I lavoratori che sono stati licenziati nel mese di aprile vengono gradualmente invitati a tornare al lavoro, anche se ad alcuni viene chiesto di lavorare da casa. Tuttavia, molte piccole aziende stanno segnalando problemi importanti nel riportare il personale ai loro ruoli, dopo 3 mesi di permanenza a casa.

“È assurdo pensare che dopo tutta questa incertezza e preoccupazione – arriva il momento felice in cui puoi invitare il personale a tornare al lavoro e che non vogliono davvero tornare!”, Afferma Jonathan Ratcliffe, che gestisce la società di uffici Offices.co .UK

Le relazioni delle PMI in tutto il Regno Unito includono:

I lavoratori sono troppo spaventati per tornare al lavoro e vengono licenziati a causa dell’ansia Personale che non vuole tornare al lavoro, che preferirebbe essere lasciato un po ‘più a lungo Dipendenti che decidono di cambiare carriera
“Coloro che lottano mentalmente puoi ben capire e avere la mia simpatia, ma abbiamo visto personale di prima mano che chiedeva semplicemente se potevano rimanere un po ‘più a lungo, sono dei cracker, non riuscivo a credere alle mie orecchie”, aggiunge Ratcliffe.

Le aziende devono seguire attentamente e comprendere i diritti dei dipendenti. I datori di lavoro affrontano ora la sfida scoraggiante di ricostruire le imprese in un’ampia varietà di settori con una mancanza di personale motivato a causa del lungo periodo di blocco.

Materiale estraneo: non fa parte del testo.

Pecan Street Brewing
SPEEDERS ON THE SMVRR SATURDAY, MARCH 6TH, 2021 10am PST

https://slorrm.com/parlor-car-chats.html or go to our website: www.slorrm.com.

Il problema è complesso e la situazione è unica per ogni tipo di attività e per ogni dipendente. Tuttavia, poiché le aziende vedranno aumentare la domanda di servizi nel corso del prossimo mese, la questione del reintrodurre il personale dalla fuga in una routine di lavoro sarà una sfida.

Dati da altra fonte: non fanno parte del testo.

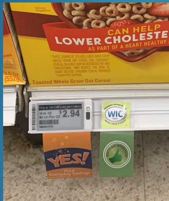
EXCEPTION: Correct because channel WIC is clearly visible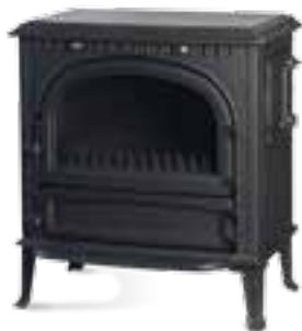
SAEY 92 anthracite

“Sono assolutamente d’accordo con tutti coloro che sono stati licenziati, è un momento difficile, ma dobbiamo renderci conto che lo schema non può andare avanti indefinitamente. Vogliamo dare il benvenuto ai dipendenti con le braccia aperte socialmente distanti e ricostruire la via per uscire da questo pasticcio ”, conclude Ratcliffe di Offices.co.uk.